» **DATASET EXTRACT**
#####

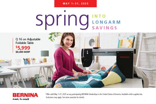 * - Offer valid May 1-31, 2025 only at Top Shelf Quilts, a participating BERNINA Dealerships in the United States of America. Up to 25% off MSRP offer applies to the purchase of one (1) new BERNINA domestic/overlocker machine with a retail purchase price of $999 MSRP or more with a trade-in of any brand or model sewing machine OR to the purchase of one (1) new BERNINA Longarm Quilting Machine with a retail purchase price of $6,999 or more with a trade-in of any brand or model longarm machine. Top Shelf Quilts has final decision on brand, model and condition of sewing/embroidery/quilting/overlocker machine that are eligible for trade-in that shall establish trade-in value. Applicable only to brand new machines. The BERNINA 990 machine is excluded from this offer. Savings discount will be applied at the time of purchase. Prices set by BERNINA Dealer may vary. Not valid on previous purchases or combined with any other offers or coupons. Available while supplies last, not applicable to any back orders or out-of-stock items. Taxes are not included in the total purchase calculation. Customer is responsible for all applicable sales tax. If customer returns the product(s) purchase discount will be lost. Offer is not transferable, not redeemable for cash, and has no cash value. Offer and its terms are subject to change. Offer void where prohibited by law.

#####

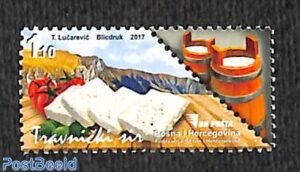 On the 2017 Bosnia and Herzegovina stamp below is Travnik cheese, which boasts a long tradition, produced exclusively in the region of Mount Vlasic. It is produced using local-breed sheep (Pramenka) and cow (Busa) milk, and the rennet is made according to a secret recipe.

#####

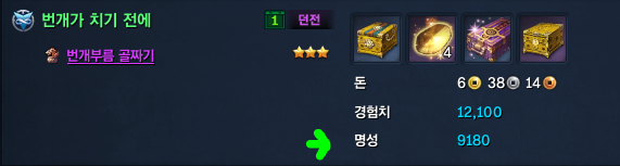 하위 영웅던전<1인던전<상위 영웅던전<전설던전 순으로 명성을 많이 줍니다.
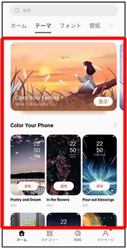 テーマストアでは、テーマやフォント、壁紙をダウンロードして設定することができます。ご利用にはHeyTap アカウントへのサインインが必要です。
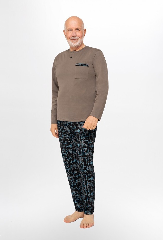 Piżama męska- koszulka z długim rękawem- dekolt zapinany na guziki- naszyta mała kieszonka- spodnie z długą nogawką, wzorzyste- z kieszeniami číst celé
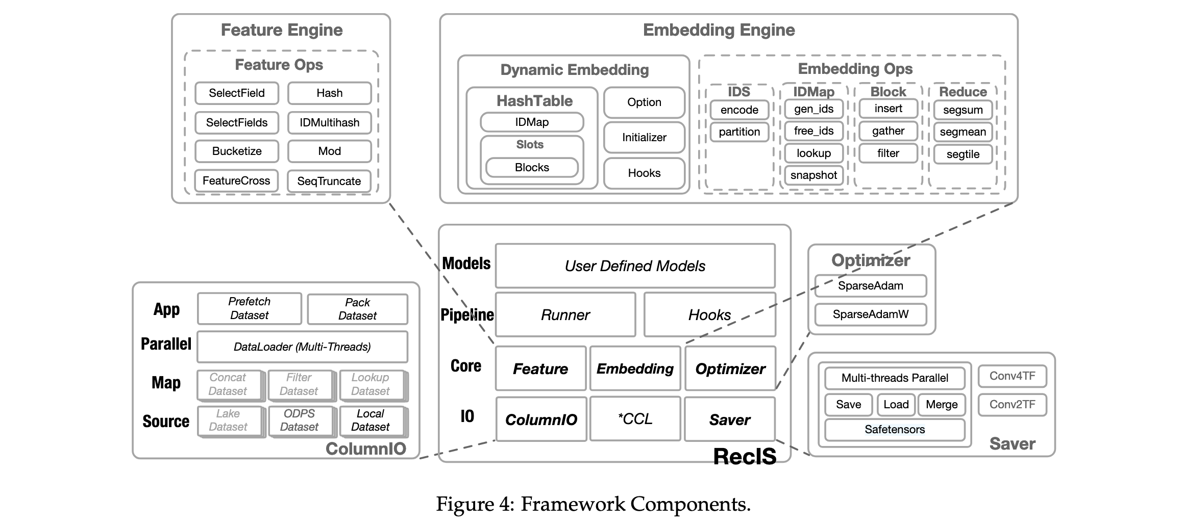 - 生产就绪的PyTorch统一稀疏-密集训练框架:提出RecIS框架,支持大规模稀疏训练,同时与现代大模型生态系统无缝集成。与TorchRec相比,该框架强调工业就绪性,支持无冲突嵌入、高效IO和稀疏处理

#####

» **EXERCISE BRIEF**
Skip every picture, and restate word for word only the lines above from the line containing "Piżama męska- koszulka" to the line containing "- 生产就绪的PyTorch", both of them included.

» **ANSWER SECTION**
 Piżama męska- koszulka z długim rękawem- dekolt zapinany na guziki- naszyta mała kieszonka- spodnie z długą nogawką, wzorzyste- z kieszeniami číst celé
 - 生产就绪的PyTorch统一稀疏-密集训练框架:提出RecIS框架,支持大规模稀疏训练,同时与现代大模型生态系统无缝集成。与TorchRec相比,该框架强调工业就绪性,支持无冲突嵌入、高效IO和稀疏处理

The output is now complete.